Hi,

Gene Heskett wrote:
> I once wrote the "debian-10.0.0-arm64-netinst.iso" to an u-sd card,
> which booted and did a net-install on an rpi-3b [...]
> /dev/sde1 /media/sde1 iso9660 ro,relatime 0 0
> /dev/sde2 /media/sde2 vfat
> rw,relatime,fmask=0022,dmask=0022,codepage=437,iocharset=ascii,shortna
> me=mixed,utf8,errors=remount-ro 0 0
>
> first partition is iso9660 ? Don't recall seeing that before.

That's the normal partition table content of a bootable Debian ISO
for i386, amd_64, armhf, arm64. (i386 and amd64 ISOs suffer from partition
nesting, but that does not keep PC-BIOS or EFI from booting them.)
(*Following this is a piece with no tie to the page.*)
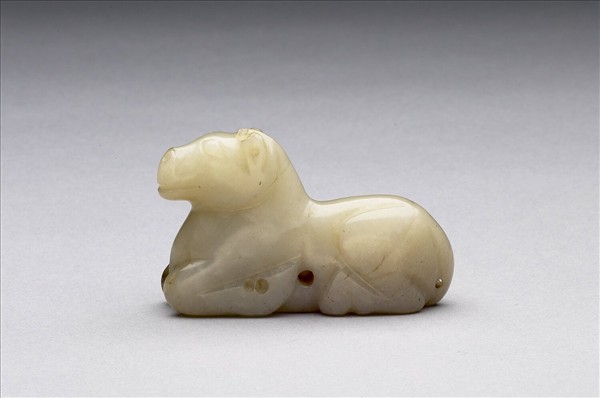 青玉,玉色泛黃,有赭斑。全器為一立雕馬,做跪坐姿態。以陰刻線表示馬首與後腿。腹部有一通心穿,頭部、尾部、及前胸各有一象鼻穿,左前腿有兩個小孔。

The statement "iso9660" stems from inspection of the partition content,
not from the partition table where type is 0x83 = "Linux" in the armhf
and arm64 ISOs.

The second partition is of type 0xEF and contains a FAT filesystem with
EFI boot equipment.
As stated already in another thread: The combination of Raspberry and
EFI is exotic.
I get the impression that uboot is a usual firmware and bootloader, but that
there are also mechanisms which rather remind me of the ROM of my VIC-20.
See e.g.
  
https://www.beyondlogic.org/compiling-u-boot-with-device-tree-support-for-the-raspberry-pi/

So, unless your rpi-3b has an EFI-compatible first booting step in its
firmware, i assume that debian-10.0.0-arm64-netinst.iso never booted on it.